Eadie - What the apostle says of himself is abundantly confirmed—Read Acts 8:3;Acts 9:1; Acts 9:2; Acts 9:21; Acts 22:4; Acts 22:19; Acts 26:10-11. No wonder, then, that he uses those two verbs (persecute and destroy), and prefixes to the first beyond measure kata huperbole, one of his favorite phrases. Ro 7:13; 1Co 12:31; 2Co 1:8; 2Co 4:17. It was no partial or spasmodic effort, either feeble in itself, or limited and intermittent in operation. It was the outgrowth of a zeal which never slept, and of an energy which could do nothing by halves, which was as eager as it was resolute, and was noted for its perseverance no less than for its ardor. And he distinctly sets before his readers the heinousness of his procedure, for he declares the object of his persecution and fierce devastation to have been the church of God...The object of this statement is to show that the apostle, during his furious persecution of the church, could not be in the way of learning its theology from any human source; its bloody and malignant enemy could not be consorting with the apostles as a pupil or colleague. (Eadie)
Destroy (making havoc) (4199)(portheo) means to attack and cause complete destruction. To pillage. To devastate. To Reek havoc. To annihilate. Portheo applied not only to cities and lands but also to people. Used in secular Greek of besieging a town or of soldiers ravaging. Paul uses the imperfect tense which speaks of continuous attempt by Paul not just to ravage but to ruin and destroy Christianity.
Although Acts 22:4 does not use portheo it does portray the effect Paul sought ("to the death" for the "Way" = Christians).
Portheo - 3x in NT - destroy(2), destroyed(1).
Raised in Tarsus (Acts 21:39)
A Roman citizen (Acts 21:39)
Studied under the famous rabbi Gamaliel (Acts 22:3)
Studied in Jerusalem (Acts 22:3)
Of the tribe of Benjamin (Phil 3:5)
Of the sect of the Pharisees (Acts 23:6)
Originally named Saul, probably after King Saul (Acts 9:1)
His sister's son resided in Jerusalem (Acts 23:16-22)
Probably had a wealthy father
Was advancing as a leader in Judaism (Gal. 1:14)
Was zealous for his Jewish traditions (Gal 1:14)
Set out to destroy the church of God (Gal 1:13)
Was given authority by the chief priests to murder Christians (Acts 9:1, 14)

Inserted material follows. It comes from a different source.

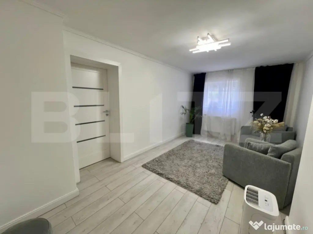 Blitz va propune spre inchiriere un apartament elegant cu 3 camere, situat în inima orașului, intr-o zona foarte linistita. Cu o suprafață generoasă de 70 de metri pătrați, acest apartament se află la demisolul unui imobil cu 4 nivele, oferind un spatiu generos si luminos, amenajat cu bun gust. Livingul este spatios, bucataria complet mobilata si utilata cu , plita pe gaz, cuptor pe gaz, frigider si tot ce este necesar pentru confortul dumneavoastra. Fiecare cameră este amenajată cu atenție la detalii, dormitoarul mare avand un pat matrimonial si spatii generoase pentru depozitare, oferind un ambient primitor și relaxant. Apartamentul este echipat cu o centrală termică asigurând un climat confortabil în orice sezon al anului. Complet mobilat și utilat, acest apartament este pregătit să vă întâmpine cu toate facilitățile necesare pentru a vă face să vă simțiți ca acasă încă de la prima zi. Acest spațiu rafinat și funcțional este alegerea ideală pentru un stil de viață urban și confortabil si este disponibil imediat. Apartamentul se afla la doar 5 minute de mers fata de centrul istoric al orasului, iar in proximitatea acesteia se afla restaurante, baruri, cafenele, banci, magazine. Va asteptam cu drag la vizionare! Cod ofertă / ID BLITZ: P170040 Id intern: P170040 Confort: 3 Tip imobil: Bloc de apartamente Număr Băi: 1

TODAY IN THE WORD - Yigal Amir was born into an Orthodox Jewish family in 1970. His mother was a kindergarten teacher, his father a Jewish scribe. As a university student, Amir became actively involved in right-wing protests against Israel’s signing of the Oslo Accords. On November 4, 1996, Amir shot and killed Israeli Prime Minister, Yitzhak Rabin. Later at his trial, Amir defended himself very simply: “According to the Halacha [Jewish legal code], you can kill the enemy.” We could compare Saul of Tarsus to Yigal Amir. Saul belonged to the strictest sect of the Pharisees, a group whose concern wasn’t simply personal piety but also political revolution. Zeal for the Jew, in this first-century context of Roman occupation, called for violent overthrow of the Roman regime. As one scholar described it, “For the first-century Jew, ‘zeal’ was something you did with a knife.”
Galatians 1:14 and I was advancing in Judaism beyond many of my contemporaries among my countrymen, being more extremely zealous for my ancestral traditions. (advancing: Isa 29:13 57:12)( being: Ac 22:3 26:5,9 Php 3:4-6)(traditions: Jer 15:2 Mt 15:2,3,6 Mk 7:3-13 Col 2:8 1Pe 1:8) (John Brown's exposition of Gal 1:14) (John Eadie's exposition of Gal 1:14)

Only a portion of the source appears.